→ TASK BRIEF: A faithful copy of each entry below is expected, with the images removed.

== EXERCISE INPUTS ==

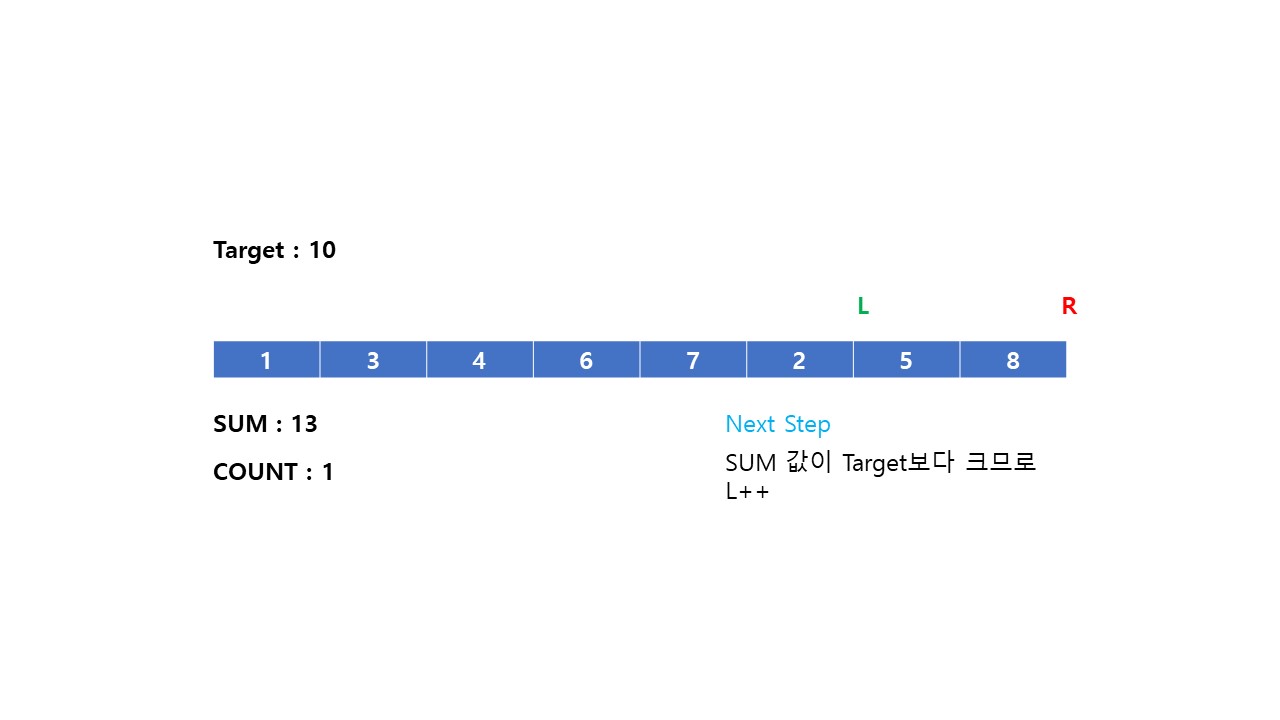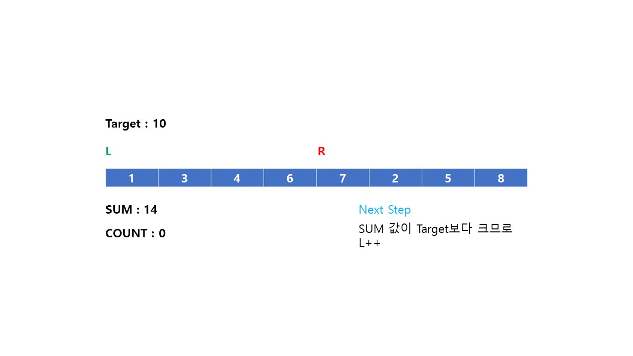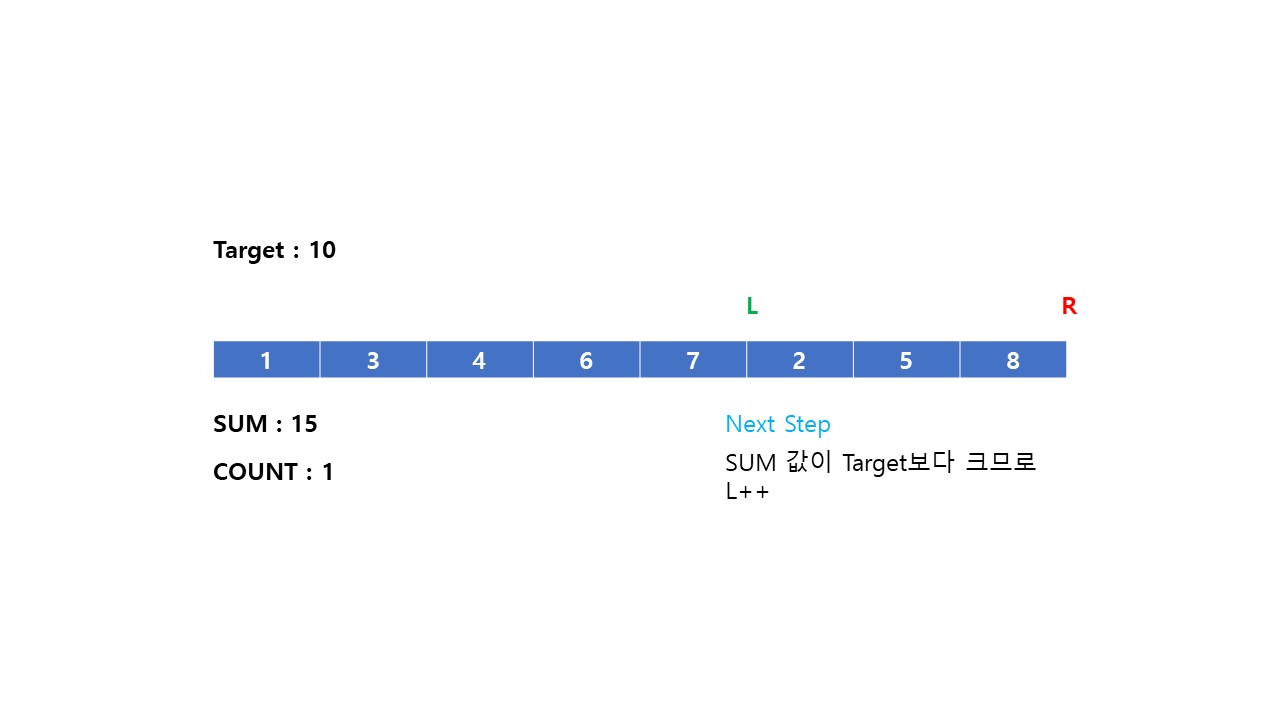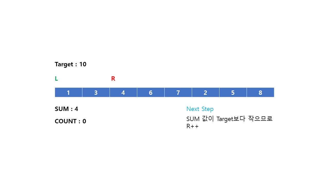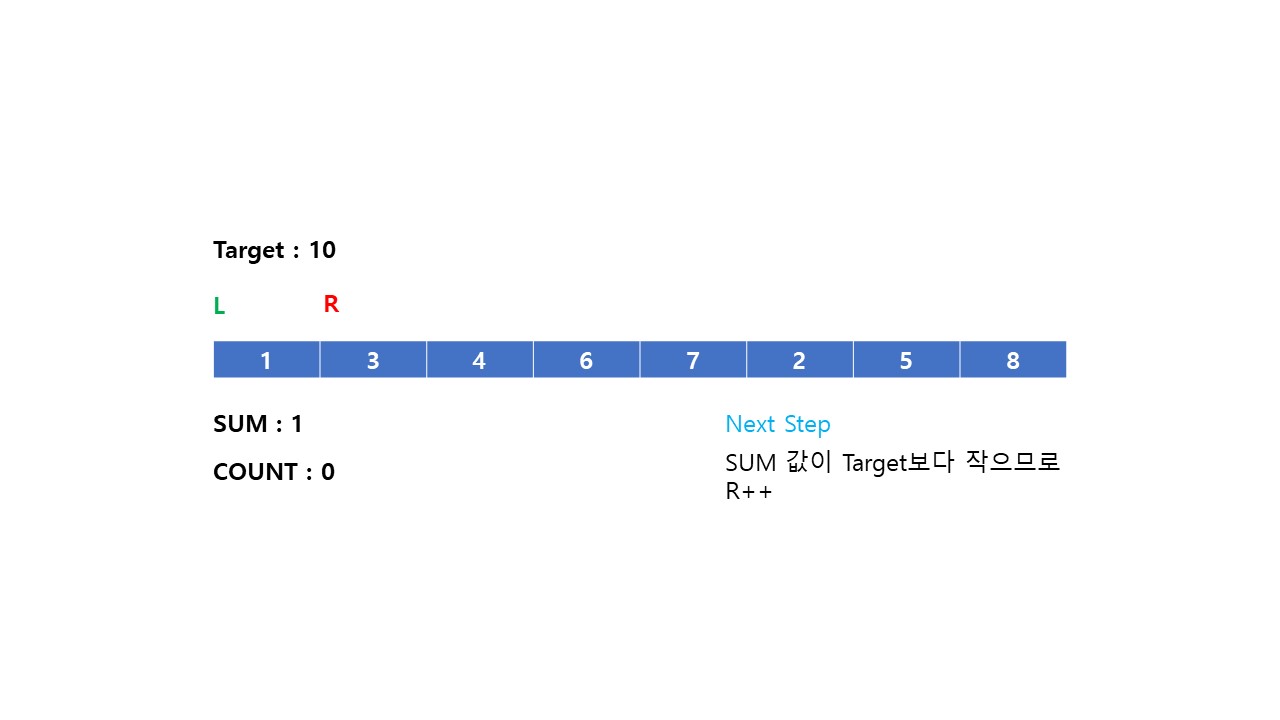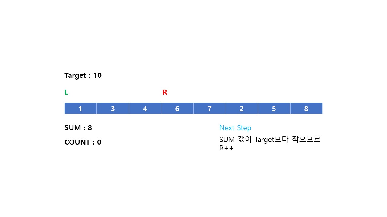 (2) 부분 배열의 합이 Target 값보다 작으면 Right = Right + 1 해줍니다. (부분 배열의 길이를 늘려 합을 더한다.)
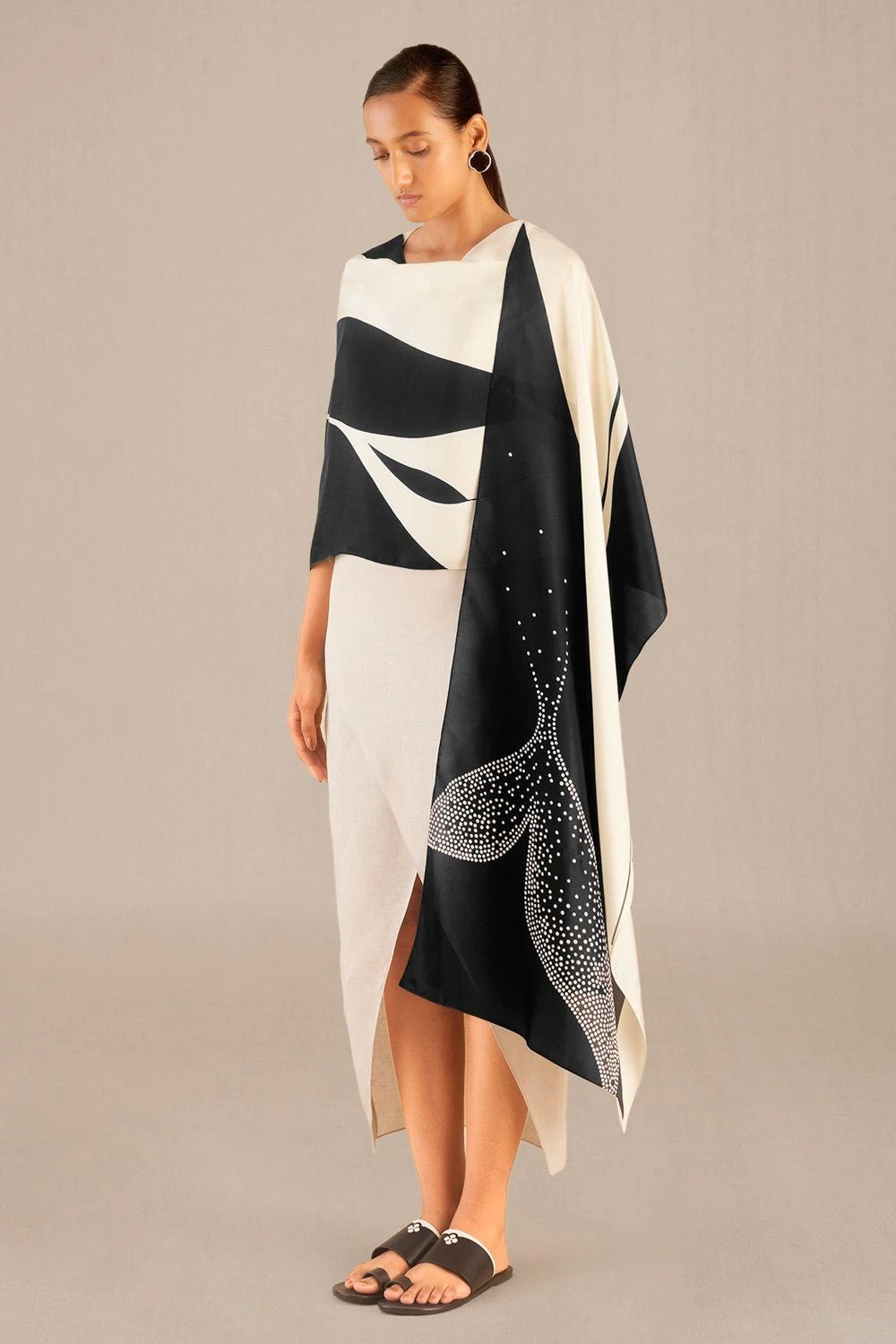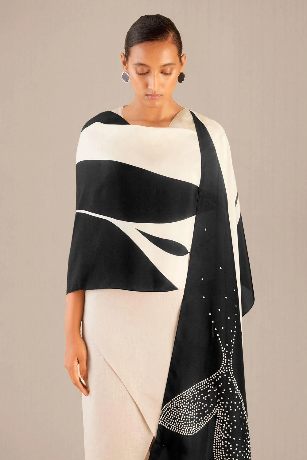 Wrap yourself in the elegance of soft silk and fine prints with this Black and Ivory Scarf. Its flowy design adds a playful charm to your ensemble.
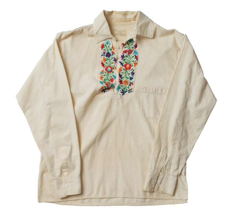 ニューヨークで発見したという’60〜’70年代のメキシカンシャツは、ドライなコットン100%。プルオーバーのデザインが◎。1万3200円
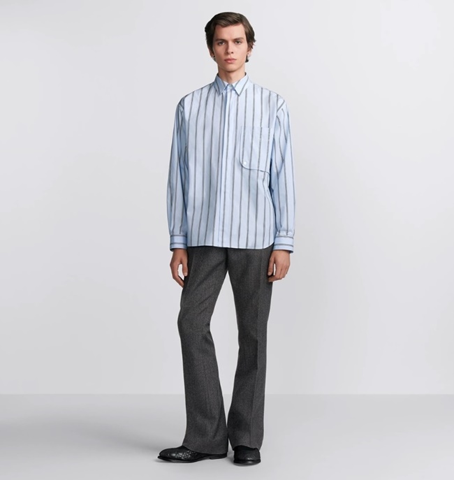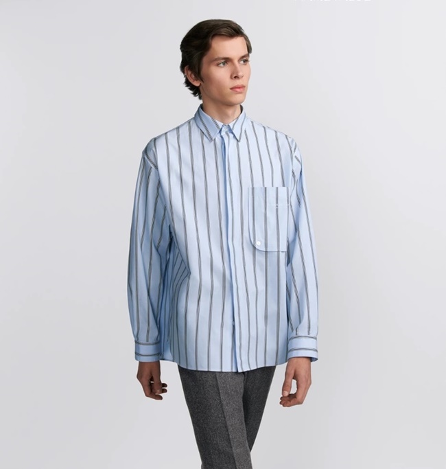 디올 스트라이프 코튼 크리스찬 꾸뛰르 자수 셔츠
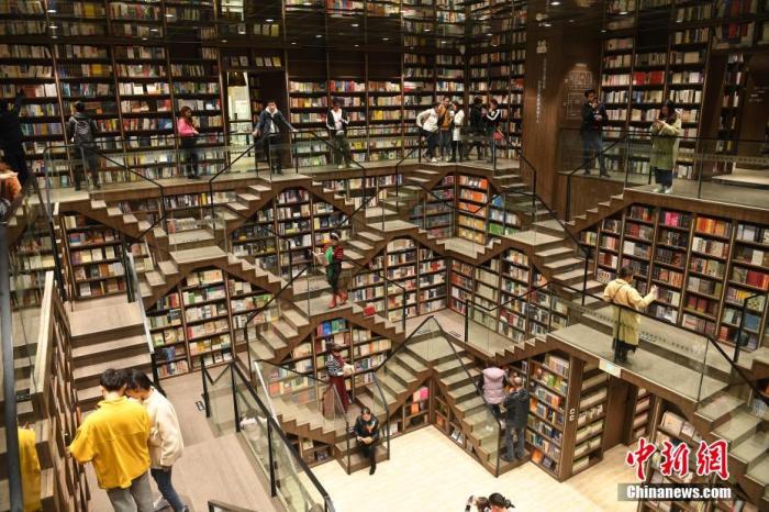 資料圖:重慶九龍坡區(qū)商圈內(nèi),一書(shū)店因設(shè)計(jì)感非常獨(dú)特,吸引了不少民眾前來(lái)打卡玩耍。陳超 攝
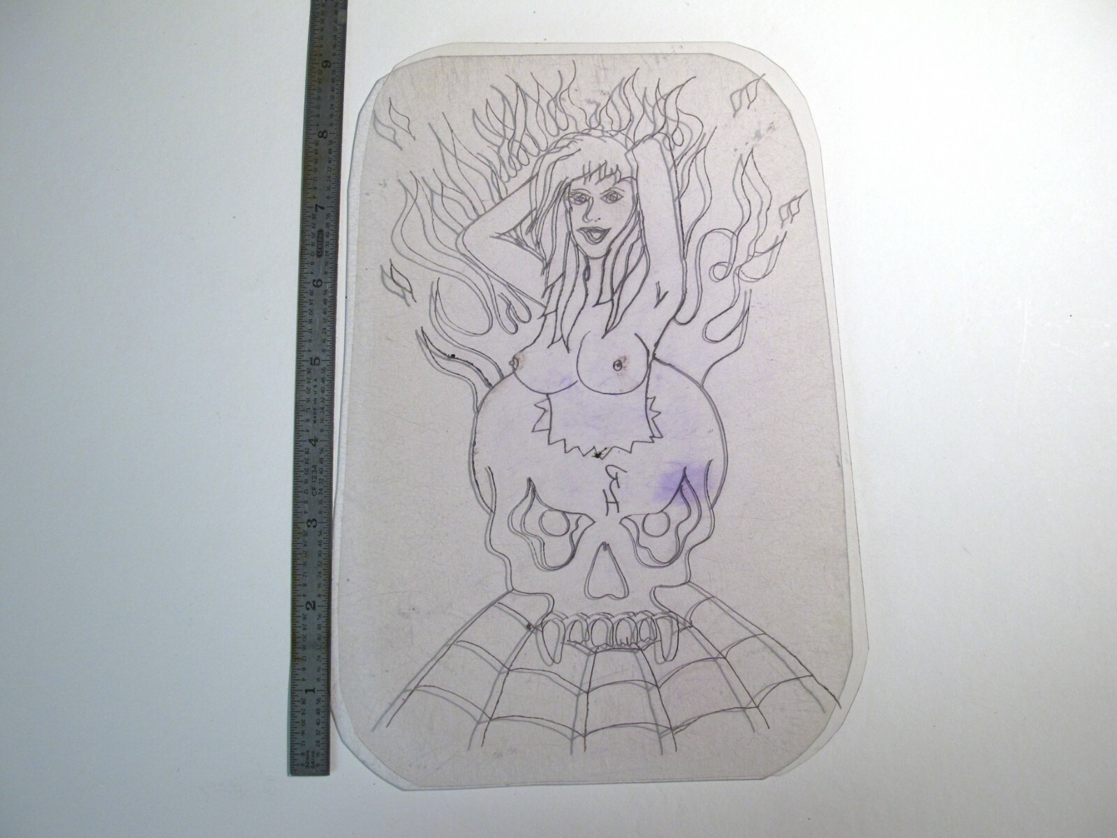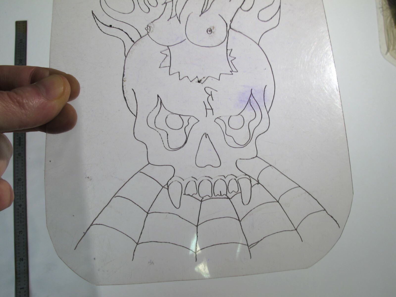 • vtg 1960s 1970s Tattoo acetate stencil Chick Skull Spider Web LG. signed

===

→ YOUR RESPONSE:
 (2) 부분 배열의 합이 Target 값보다 작으면 Right = Right + 1 해줍니다. (부분 배열의 길이를 늘려 합을 더한다.)
 Wrap yourself in the elegance of soft silk and fine prints with this Black and Ivory Scarf. Its flowy design adds a playful charm to your ensemble.
 ニューヨークで発見したという’60〜’70年代のメキシカンシャツは、ドライなコットン100%。プルオーバーのデザインが◎。1万3200円
 디올 스트라이프 코튼 크리스찬 꾸뛰르 자수 셔츠
 資料圖:重慶九龍坡區(qū)商圈內(nèi),一書(shū)店因設(shè)計(jì)感非常獨(dú)特,吸引了不少民眾前來(lái)打卡玩耍。陳超 攝
 • vtg 1960s 1970s Tattoo acetate stencil Chick Skull Spider Web LG. signed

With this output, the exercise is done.